Maasje was weer goed geslaagd, bleek later toen ze terug kwamen. Waren weer een paar te leuke kleren aan de vingers blijven plakken. Gelukkig hadden ze ook aan ons gedacht en hadden ze heerlijke cappuccino's bij zich en de nodige lekkernijen. Kwam goed uit, want de magen rommelden en de training was al bijna.

Tegen drieën zijn we in een taxi gestapt. Ik had al wat meer tijd genomen, omdat werkelijk niemand het adres kende, en ook google maps en maps.me geen idee hadden. Was wel duidelijk dat we ergens achteraf moesten zijn.
Bleek niet onverstandig, want de chauffeur deed weliswaar zijn uiterste best, maar kwam er ook niet echt lekker uit. Hij stuurde ons door straatjes die steeds smaller en smaller werden, totdat de spiegels langs de muren schraapten. Als dit al de goede buurt was, hoe gingen we straks dan in vredesnaam een taxi terug vinden, dachten we…
Het lukte me uiteindelijk om de Senpai aan de lijn te krijgen bij wie we op bezoek gingen. Ik gaf mijn telefoon aan de chauffeur en nou kwam er schot in de zaak. Een kwartier later zette hij ons af in een steegje, voor een gebouw dat er nog heel dicht uit zag.
Het was een paar minuten voor vier (om 16.00 uur hadden we afgesproken) en er was helemaal niemand. Ik vertrouwde het niet helemaal en sprak een jongen aan die een paar deuren verder aan het schilderen was. Geen woord engels natuurlijk, dus ik gaf hem het adres op een papiertje en hij wees een hele andere kant op. Echt hè…. Ik kon hem overtuigen zijn kwast te laten vallen en ons de weg te wijzen, maar eenmaal daar aangekomen, bleek het daar ook niet te zijn. Net toen we weer een andere kant op wilden lopen, kwam er een jonge gesluierde vrouw aangerend, helemaal buiten adem, die mijn naam riep. Onder haar arm hield ze een karate-pak… Gelukkig.

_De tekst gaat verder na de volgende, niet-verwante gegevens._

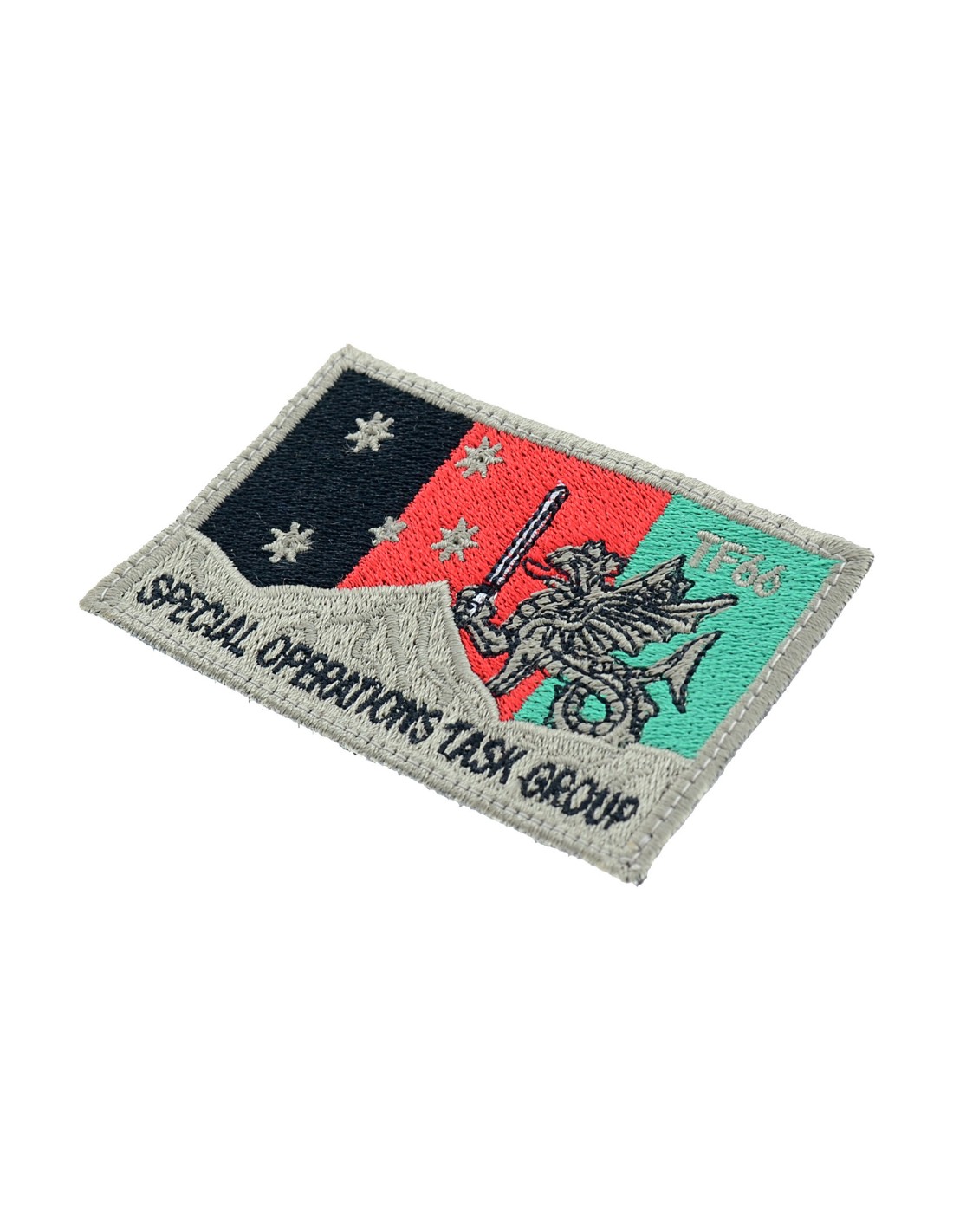 Patch ricamata con Velcro® maschio cucito sul retro.

Uiteindelijk bleek het toch de plek te zijn waar we het eerst stonden. Men neemt het alleen niet zo nauw met de tijd hier. Ik had het kunnen weten. Eerder deze week was ons al uitgelegd dat ze hier een “elastieke tijd” kennen. Er zit nogal wat rek in, zal ik maar zeggen.
Nu stond de dojo namelijk wel open en ik zag al een paar karateka rond lopen. Junior en senior door elkaar heen, leuk!
Senpai Lafran kwam meteen op me af en heette me welkom. Hij bleek een ontzettend aardige vent en een echte budo-man. Vorig jaar is hij, op z’n 37e, nog nationaal kampioen van Indonesië geworden!

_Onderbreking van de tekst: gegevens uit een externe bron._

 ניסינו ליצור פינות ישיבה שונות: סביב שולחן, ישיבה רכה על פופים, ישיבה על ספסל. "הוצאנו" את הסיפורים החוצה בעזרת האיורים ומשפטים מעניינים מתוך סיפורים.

Hij vertelde me dat discipline hier nog wel een probleempje was. Zijn leerlingen waren niet zo punctueel en kwamen vaak pas later de les in stromen. “Te laat komen is opdrukken”, zei ik. “Haha, dat doen ze niet! Dat kun je vergeten….”, antwoordde hij.
Hoe anders is dat in Nederland dan.

Gelukkig waren ze vanavond wel allemaal redelijk op tijd, al zouden er later nog wat in stromen. Dat bleek trouwens te komen, hoorde ik later, omdat hij iedereen een berichtje had gestuurd dat er iemand uit Nederland zou komen les geven… (!) Ik hoorde later ook van de Senpais dat er nog nooit eerder met zoveel spirit getraind was. Haha, da’s wel leuk natuurlijk.

Senpai Lafran runt een kleine, maar toffe dojo. Op die plek zitten ze al 16 jaar. Het is eigenlijk een kleine gymzaal, maar dan met een stenen vloer en een hoog puntdak. Aan de voorzijde zijn twee ingangen die beiden open blijven staan tijdens de training en je zag dat er tijdens de les steeds meer toeschouwers naar binnen kwamen om te kijken, te grappig.

Bij de opening werd ik eerst in koor welkom geheten in het Indonesisch. Daarna openden we de les op de gebruikelijke manier en volgde de warming-up. Dan voel je je wel een stijve hark, hoor, af en toe. Wat zijn die mannen lenig. In een split, buik plat op de grond, of in seiza en dan achterover, rug plat op de grond, dat soort grappen. Daar was ik ietsje strammer dan de rest, zal ik maar zeggen…
Daarna lekker kihon draaien. Redelijk killing met een temperatuur van boven de 30 graden en een luchtvochtigheid van ruim 70%, maar wel heel lekker natuurlijk. En niet te zuinig ook. Kihon werd hier gewoon bijna een uur gedraaid, non-stop. Heel even een pep-talk van de Senpai er tussendoor en voor de rest bikkelen. Terug naar de basis. Je kon mij toen al helemaal uit wringen.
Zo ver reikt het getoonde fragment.